Data to process START

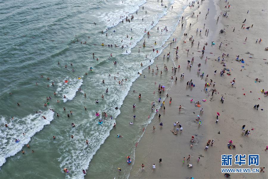 6月25日,游客在广西北海市银滩游玩(无人机拍摄)。 近日,广西北海市银滩进入旅游旺季。 新华社记者 陆波岸 摄
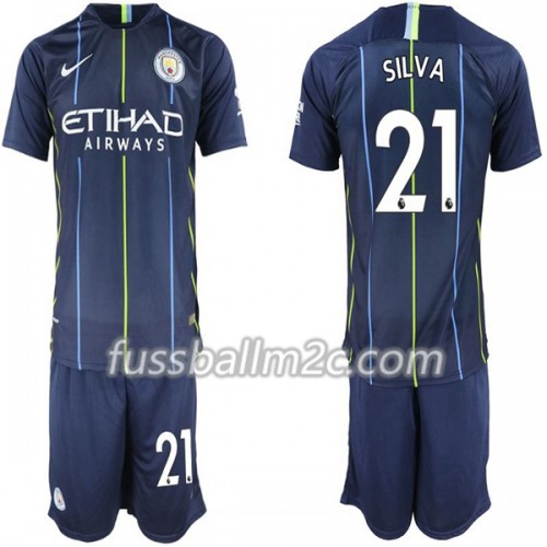 Fußballtrikots Manchester City David Silva 21 Kinder Auswärts Trikotsatz 2018-2019
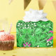 Papel de embrulho em uma safra do padrão William Morris de hyacintos, tulipas e folhas, em tons de verde limão, acentuado com fuchsia cor-de-rosa e branco, sobre fundo esmeraldo verde
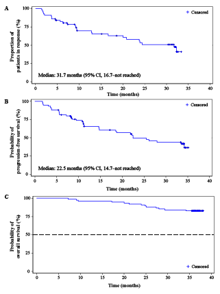 截至2020年8月31日,中位随访时间为36.2个月(范围7.2-38.1)。根据IRC评估,在57例患者中达到了客观缓解(76.0%;95%CI,64.7-85.1),与初步分析的结果相似。Kaplan-Meier估计的中位反应持续时间为31.7个月(95%CI,未达到16.7;图1A)。截止数据时,有50.7%的患者(38/75)病情恶化或死亡。中位无进展生存期为22.5个月(95%CI,未达到14.7;图1B)。发生了十三例(17.3%)死亡,并且未达到中位总生存期(图1C)。36个月的OS率为82.7%(95%CI,72.0-89.5)。
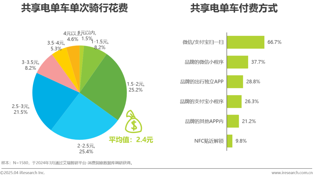 单次骑行花费集中在1.5-3元之间,用户习惯通过微信/支付宝付费
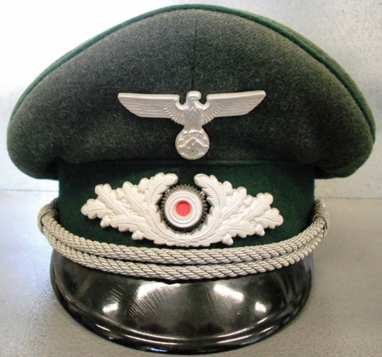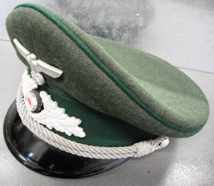 PER UFFICIALE DEL REICHSFORSTAMT (DIPARTIMENTO FORESTALE NAZIONALE). FREGI IN ALLUMINIO STAMPATO SENZA ALCUN SEGNO DI MANOMISSIONE. INTERNO CON ROMBO IN CELLULOIDE E MARCHIO DI FABBRICA; TARGHETTA NOMINATIVA DELL´UFFICIALE. ALLUDA IN CARTONE PRESSATO CON IMPERCETTIBILI SEGNI DI PORTO. BELLA FORMA E CONDIZIONI SPLENDIDE. PRATICAMENTE PARI AL NUOVO.
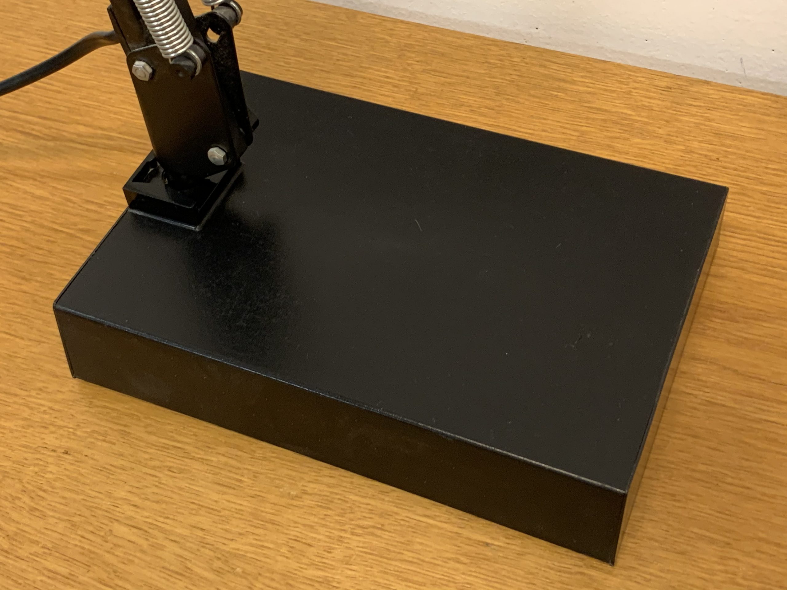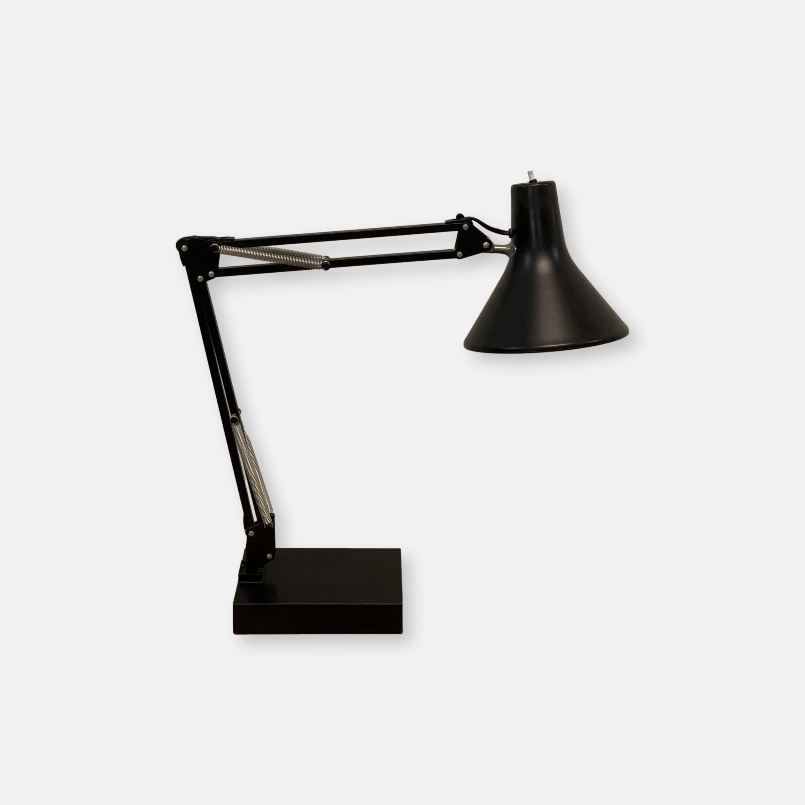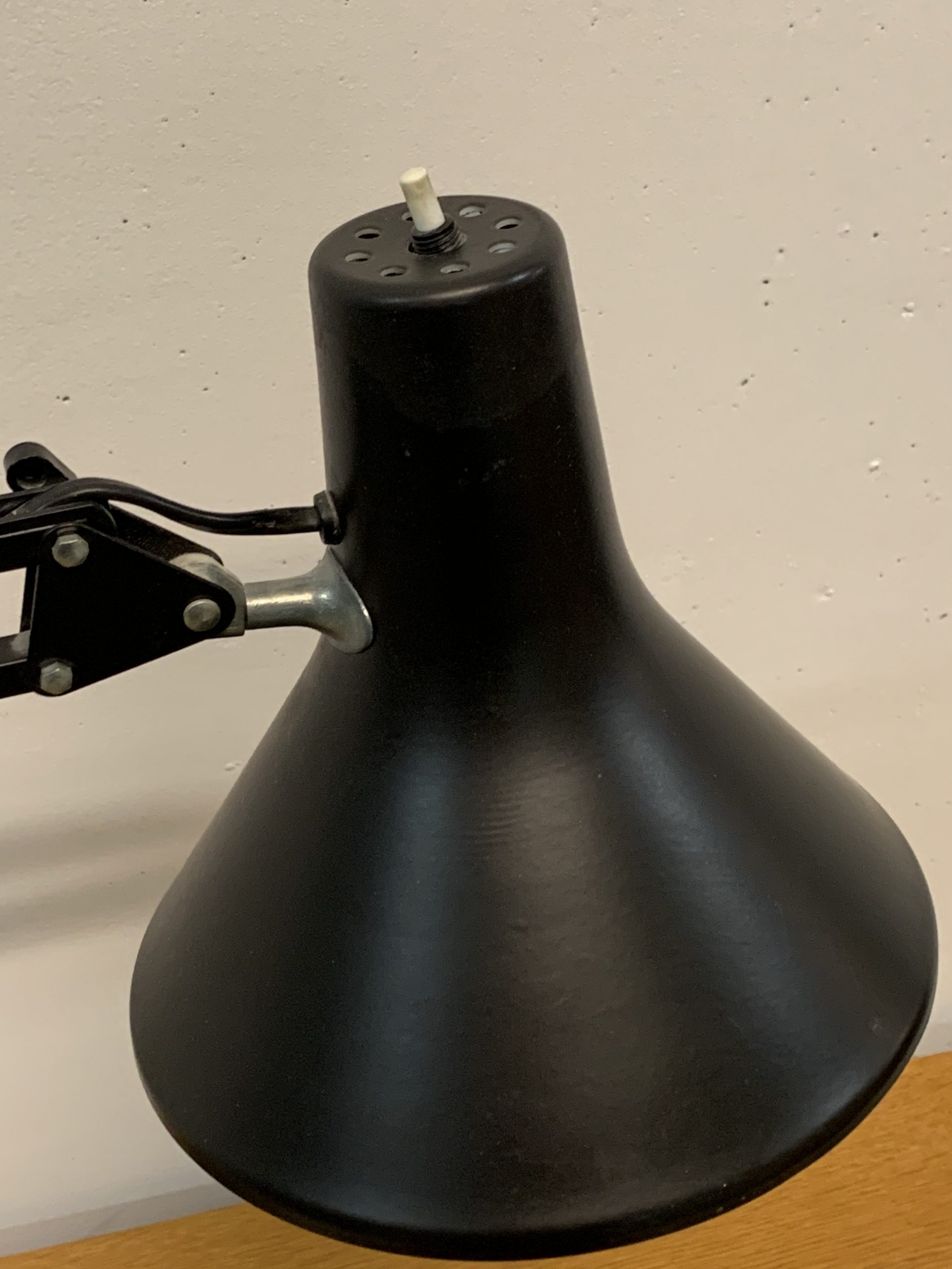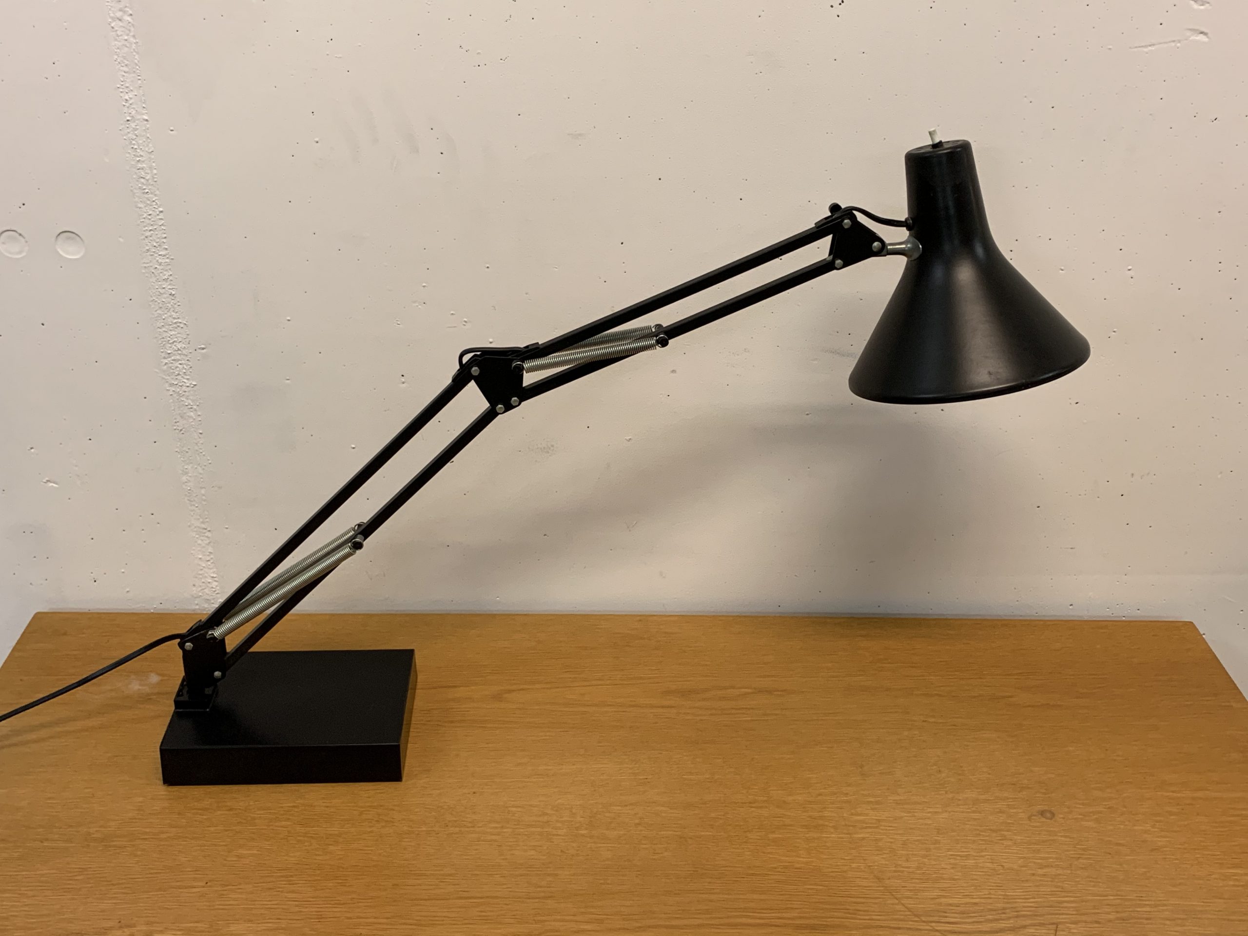Produit venduLampe d’architecte vintage montée sur son pied. Le mécanisme d’inclinaison de la lampe fonctionne très bien. L’état général est bon: les seuls défauts visibles sont une petite bosse sur le chapeau de la lampe ainsi qu’une cassure minuscule sur le pied en plastique. Le bouton pour allumer la lampe est un petit peu tordu. Convient pour des ampoules standards E27 (non fournie).

Data to process END

- What is being asked: Repeat the records word for word and drop any pictures.

- Reply:
 6月25日,游客在广西北海市银滩游玩(无人机拍摄)。 近日,广西北海市银滩进入旅游旺季。 新华社记者 陆波岸 摄
 Fußballtrikots Manchester City David Silva 21 Kinder Auswärts Trikotsatz 2018-2019
 Papel de embrulho em uma safra do padrão William Morris de hyacintos, tulipas e folhas, em tons de verde limão, acentuado com fuchsia cor-de-rosa e branco, sobre fundo esmeraldo verde
 截至2020年8月31日,中位随访时间为36.2个月(范围7.2-38.1)。根据IRC评估,在57例患者中达到了客观缓解(76.0%;95%CI,64.7-85.1),与初步分析的结果相似。Kaplan-Meier估计的中位反应持续时间为31.7个月(95%CI,未达到16.7;图1A)。截止数据时,有50.7%的患者(38/75)病情恶化或死亡。中位无进展生存期为22.5个月(95%CI,未达到14.7;图1B)。发生了十三例(17.3%)死亡,并且未达到中位总生存期(图1C)。36个月的OS率为82.7%(95%CI,72.0-89.5)。
 单次骑行花费集中在1.5-3元之间,用户习惯通过微信/支付宝付费
 PER UFFICIALE DEL REICHSFORSTAMT (DIPARTIMENTO FORESTALE NAZIONALE). FREGI IN ALLUMINIO STAMPATO SENZA ALCUN SEGNO DI MANOMISSIONE. INTERNO CON ROMBO IN CELLULOIDE E MARCHIO DI FABBRICA; TARGHETTA NOMINATIVA DELL´UFFICIALE. ALLUDA IN CARTONE PRESSATO CON IMPERCETTIBILI SEGNI DI PORTO. BELLA FORMA E CONDIZIONI SPLENDIDE. PRATICAMENTE PARI AL NUOVO.
Produit venduLampe d’architecte vintage montée sur son pied. Le mécanisme d’inclinaison de la lampe fonctionne très bien. L’état général est bon: les seuls défauts visibles sont une petite bosse sur le chapeau de la lampe ainsi qu’une cassure minuscule sur le pied en plastique. Le bouton pour allumer la lampe est un petit peu tordu. Convient pour des ampoules standards E27 (non fournie).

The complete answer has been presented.